Notifications You must be signed in to change notification settings

bismuth01/chainlink-price-predictor

Repository files navigation

Chainlink Price Predictor

🔍 Introduction

This project leverages neural networks like RNN, LSTM, and GRU to predict Ethereum (ETH) prices using historical data fetched directly from Chainlink oracles. Inspired by the discoPOP paper, it includes an automated framework for discovering custom loss functions using Google's Gemini LLM to better suit the volatility and dynamics of cryptocurrency markets.

With dynamic loss experimentation, time-frame flexibility, and reproducible setup, this project is designed for research, financial modeling, and exploring LLM-assisted ML workflows.

📦 Installation

First clone the repository:

git clone https://github.com/bismuth01/chainlink-price-predictor.git
cd chainlink-price-predictor

Now, your python installation can use python or python3. Use the appropriate one in the upcoming commands.
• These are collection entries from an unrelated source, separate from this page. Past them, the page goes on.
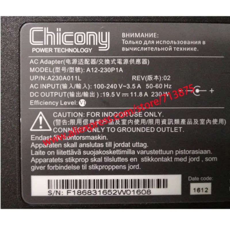 1 х адаптер переменного тока Chicony A12-230P1A 230 Вт адаптер переменного тока
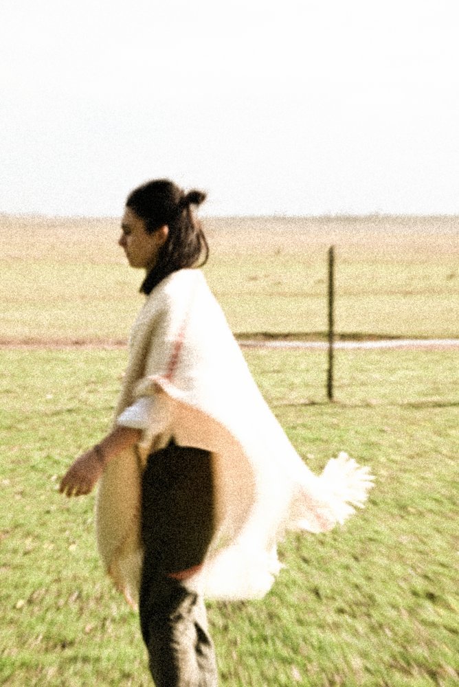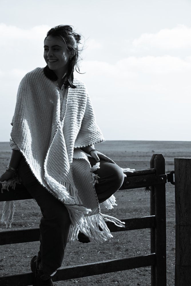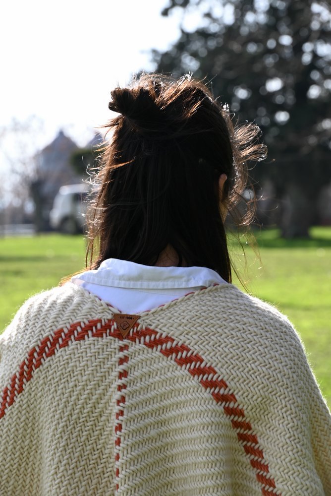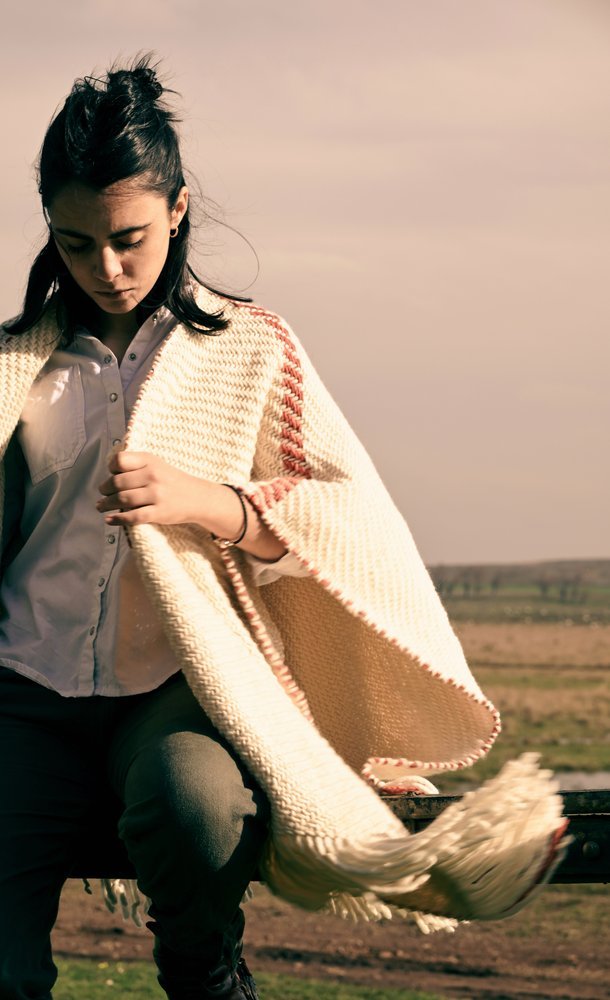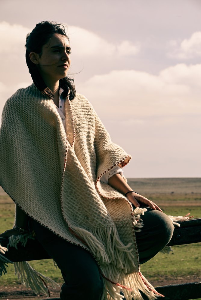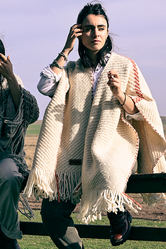 Ruana artesanal tejida en telar manual por mujeres uruguayas, con 100% lana merino australiano de estancia Cerro del Bombero.Detalles en terracota que recuerdan la tierra donde pastan las ovejas. Tradición con identidad.
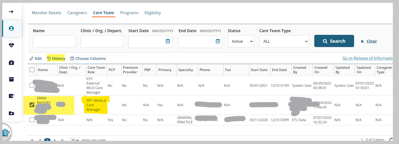 Understand that Care Team history shows based on Role, not Care Team Name.
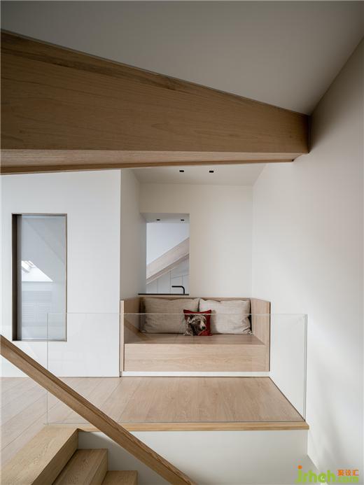 三層的閣樓上,豪宅設(shè)計師保留了原始三角頂結(jié)構(gòu),通過對稱式開天窗,在空間的體塊與樓層之間,尋找一種趣味,由此創(chuàng)建自在的尺度。
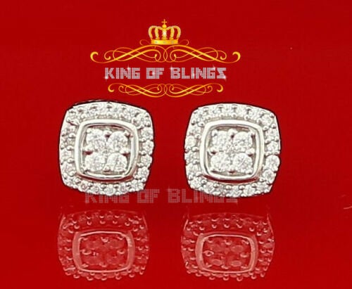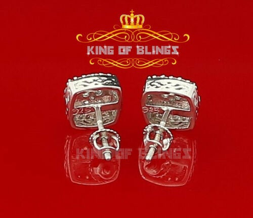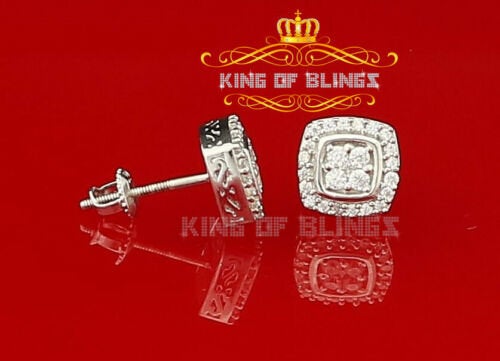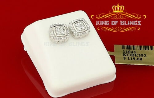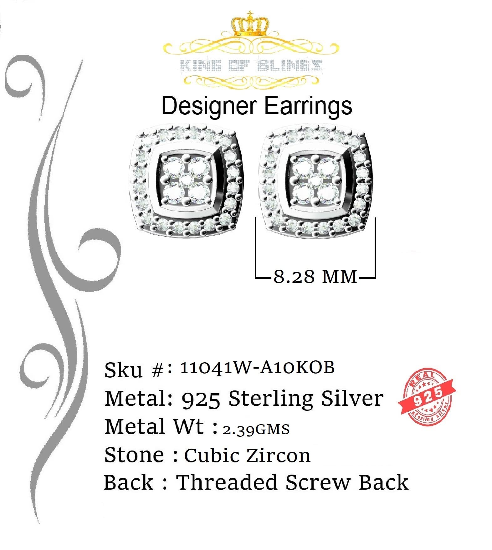King of Bling's 925 White Sterling Silver 1.50ct Cubic Zirconia Women's Hip Hop Square Earrings
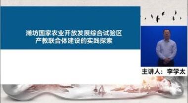 在中共中央办公厅、国务院办公厅印发《关于深化现代职业教育体系建设改革的意见》,落实“一体、两翼、五重点”重要举措的政策背景下,在潍坊国家农综区推进办牵头统筹下,以政行校企多元主体,共建基于产业园区、服务园区产业的产教融合服务组织——潍坊国家农综区产教联合体,山东畜牧兽医职业学院作为牵头院校,本课程主讲人结合学校工作实践,分享了农综区产教联合体建设的实践、成效与经验启示。
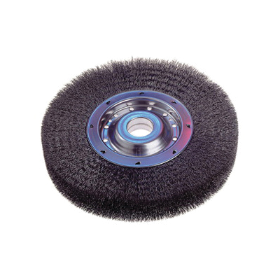 Osborn Wheel Brush, Wide Face, 6 in Brush Dia, 1-1/4 in Face Width, Arbor Hole Size 2 in, Crimped Filament/Wire, 0.006 in Filament/Wire, Carbon Steel Fill, 1 in Trim Length, 6000 rpm Maximum, Unthreaded Arbor Attachment
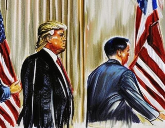 Donald Trump in court room being arraigned on election charges AI
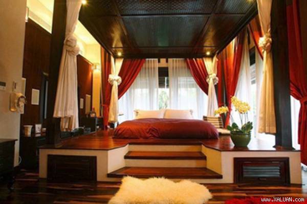 Tổng thể kiến trúc ngôi nhà là sự hòa quện giữa màu sắc và vật dụng: màu xanh của hoa lá cây cảnh,màu trắng của những bức tường, của dòng nước chảy quanh khu phòng khách, màu đỏ của ghế nệm sopha ga nệm giường, màu vàng ấm áp của ánh nến ánh đèn, màu nâu của nội thất… Chủ nhà khá tinh tế khi chọn và phối hợp hài hòa màu sắc của tất cả đồ vật trong nhà.
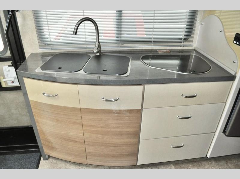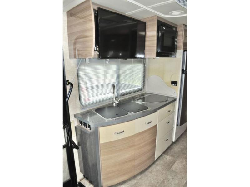 The kitchen area is to the left of the entry door and features a double sink, a two burner cook-top, and refrigerator. You will also find plenty of overhead cabinets for storage too. Above the sink area is where you will find a 28" HDTV for viewing when seated at the dinette opposite.
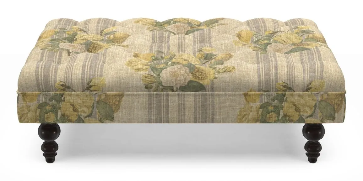 A traditionally styled, large, low rectangular footstool featuring classic buttoning and solid hardwood turned feet.
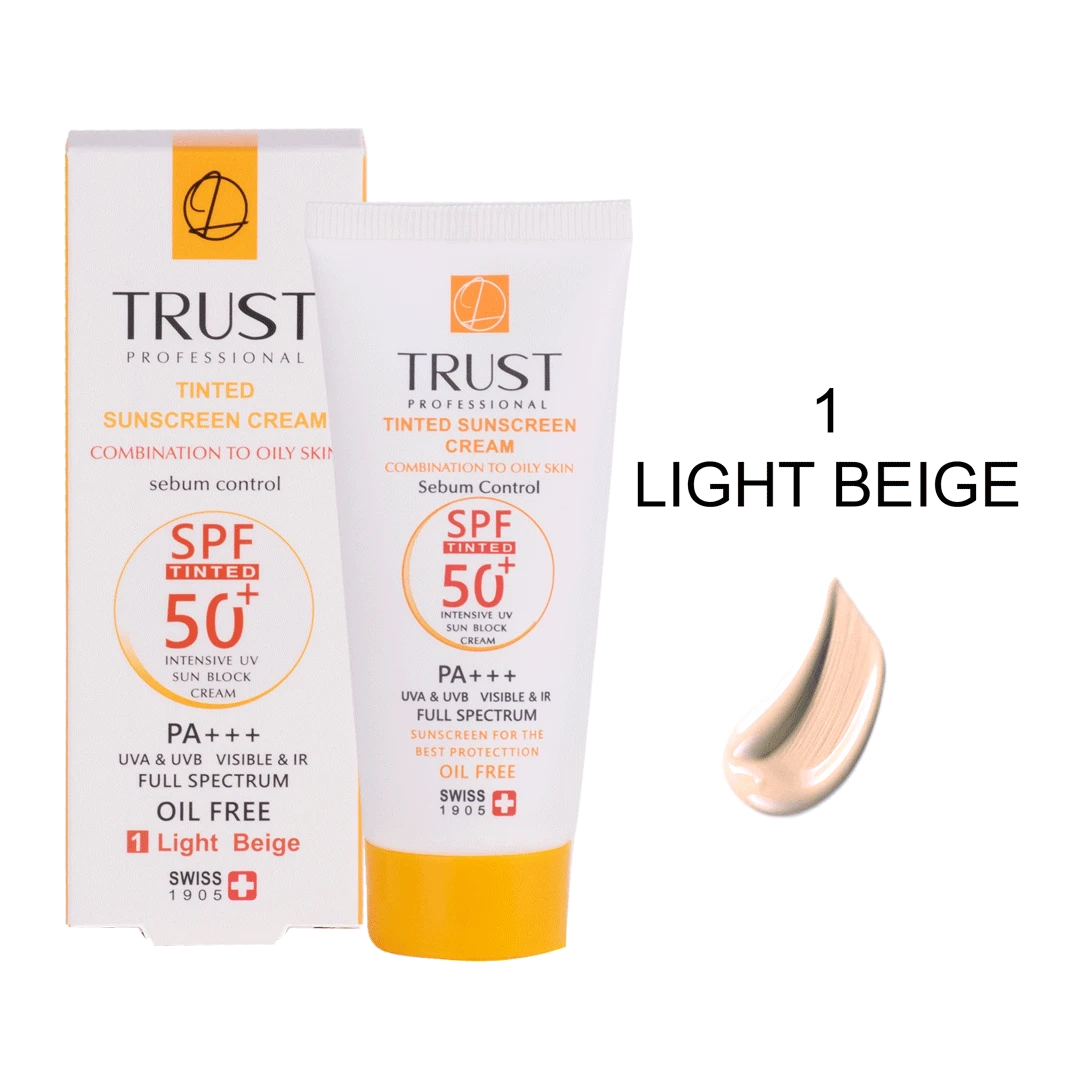 کرمهای ضدآفتاب رنگی تراست با SPF50+ از مرغوبترین و جدیدترین مواد اولیه موثره دارای حداکثر حفاظت دربرابر پرتوهای مضر خورشید ساخته شدهاند؛ این کرم با وجود بهرهمندی از بافتی سبک، دربرابر آسیبهای وارده توسط نور خورشید به خوبی از پوست محافظت و با مهار رادیکالهای آزاد از تخریب سلولهای پوستی جلوگیری میکند. همچنین با مصرف این محصول، بدون بسته شدن منافذ پوستی و ایجاد خلل در تنفس سلولهای پوستی، ضمن کنترل چربی، پوستتان آبرسانی میشود.
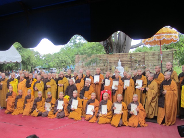 Các bạn có biết rằng tôi có cảm giác đây là lễ tốt nghiệp của các nghiên cứu sinh nhận bằng tiến sỹ. Học tiến sỹ chỉ mất có vài ba năm, còn để nhận đăng từ thầy tôi nghĩ, các vị tu sỹ phải học cả chục năm. Niềm vinh dự của những ai được nhận truyền đăng hôm nay thật lớn. Nhưng trách nhiệm của họ cũng không nhỏ. 15 quý thầy chính thức nhận trọng trách. Họ sẽ bắt đàu chăm lo cho chánh pháp và dạy dỗ cho các sư em ở mức cao hơn.

(Optional but Recommended) Make a virtual environment:

python -m venv ./venv
source ./venv/bin/activate

Install the required dependencies:

pip install -r requirements.txt

⚠️ Note: This project uses TensorFlow 2.19.0. Using an older version might cause issues. If you encounter import errors like tensorflow.keras not being resolved, try: pip install tf-keras

⚙️ Setup

  1. Copy the .env-local file and rename it to .env.
  2. Edit .env with your own values:
  • NODE_URL: Ethereum mainnet RPC node URL (get one from Chainlist)
  • PROXY_CONTRACT_ADDRESS: Chainlink ETH/USD price feed proxy or your custom feed (see list)
  • DATA_OUTPUT_FILE: Output .csv file to store fetched historical data
  • GEMINI_API_KEY: API key from Google AI Studio
  • LOG_FILE: Output .json file to store LLM interaction logs

🚀 How to use

Fetch Historical Price Data

python chainlink_data.py
  • On the first run, it fetches all historical data.
  • The script resumes from where it left off if interrupted.
  • You can rerun it anytime to update the data.

Using the models

The files are used as follows: -

  • price_predictor_rnn.py -> Contains RNN model
  • price_predictor_lstm.py -> Contains LSTM model
  • price_predictor_gru.py -> Contains GRU model
  • price_predictor_all.py -> Contains all models, helps in comparision

Configurable Parameters

At the top of each script, you can modify:

  • TIME_FRAME: Timeframe for downsampling data (default: 5min)
  • NEXT_PREDICTION_IN_MINUTES: Time ahead to predict (should match TIME_FRAME)
  • SEQ_LEN: Number of past data points the model can see (default: 20)
  • NUM_NEXT_PREDICTION_POINTS: Number of past predictions to plot with the future price prediction (default: 5)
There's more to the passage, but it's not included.